**Instructions for the task**
Pictures are to be dropped from the copy. Retype the listing exactly.
##############################
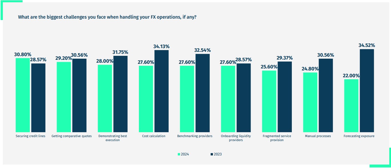 Securing credit lines has emerged as the foremost challenge among companies, with 31% of corporates citing it as their top concern. This shift reflects tighter risk appetites among providers and escalating costs, which have forced many firms to seek alternative quotes.
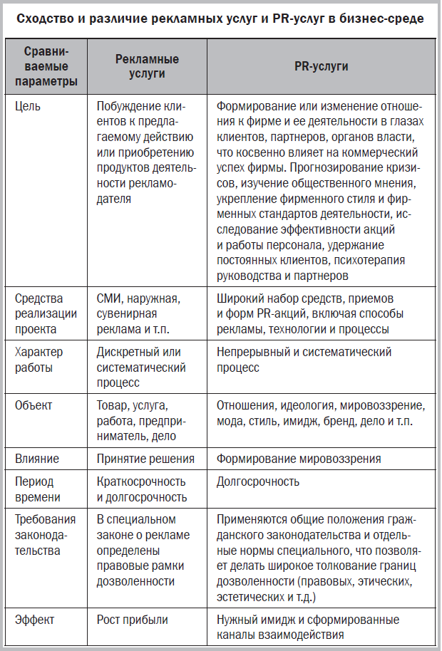 Мнение специалиста. Оставляя рекламе право на существование, Эл и Лора Райс в книге «РАСЦВЕТ ПИАРА И УПАДОК РЕКЛАМЫ» распределяют акценты следующим образом: пиар создает бренды, реклама их поддерживает.
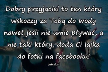 Dobry przyjaciel to ten który wskoczy za Tobą do wody nawet jeśli nie umie pływać, a nie taki który, doda Ci lajka do fotki na...
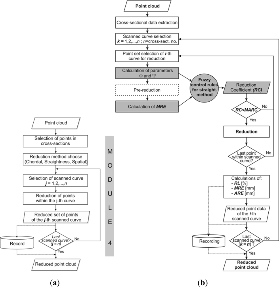 Major emphasis was placed on the module for point data reduction, which was designed according to a novel approach with integrated deviation analysis and fuzzy logic reasoning. Building on the weak spots and deficiencies of current approaches to reduction of point data by sampling methods—i.e., the lack of information on the level of deviation in reduced point clouds and necessity to employ parameters which are abstract to user—a novel approach was developed for analysis of the level of deviation of the reduced point cloud in comparison with the initial point cloud.
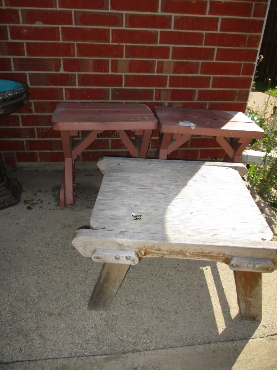 Smaill wooden bench seats. Normal wear. Sturdy. 3pc
##############################
**Your response**
 Securing credit lines has emerged as the foremost challenge among companies, with 31% of corporates citing it as their top concern. This shift reflects tighter risk appetites among providers and escalating costs, which have forced many firms to seek alternative quotes.
 Мнение специалиста. Оставляя рекламе право на существование, Эл и Лора Райс в книге «РАСЦВЕТ ПИАРА И УПАДОК РЕКЛАМЫ» распределяют акценты следующим образом: пиар создает бренды, реклама их поддерживает.
 Dobry przyjaciel to ten który wskoczy za Tobą do wody nawet jeśli nie umie pływać, a nie taki który, doda Ci lajka do fotki na...
 Major emphasis was placed on the module for point data reduction, which was designed according to a novel approach with integrated deviation analysis and fuzzy logic reasoning. Building on the weak spots and deficiencies of current approaches to reduction of point data by sampling methods—i.e., the lack of information on the level of deviation in reduced point clouds and necessity to employ parameters which are abstract to user—a novel approach was developed for analysis of the level of deviation of the reduced point cloud in comparison with the initial point cloud.
 Smaill wooden bench seats. Normal wear. Sturdy. 3pc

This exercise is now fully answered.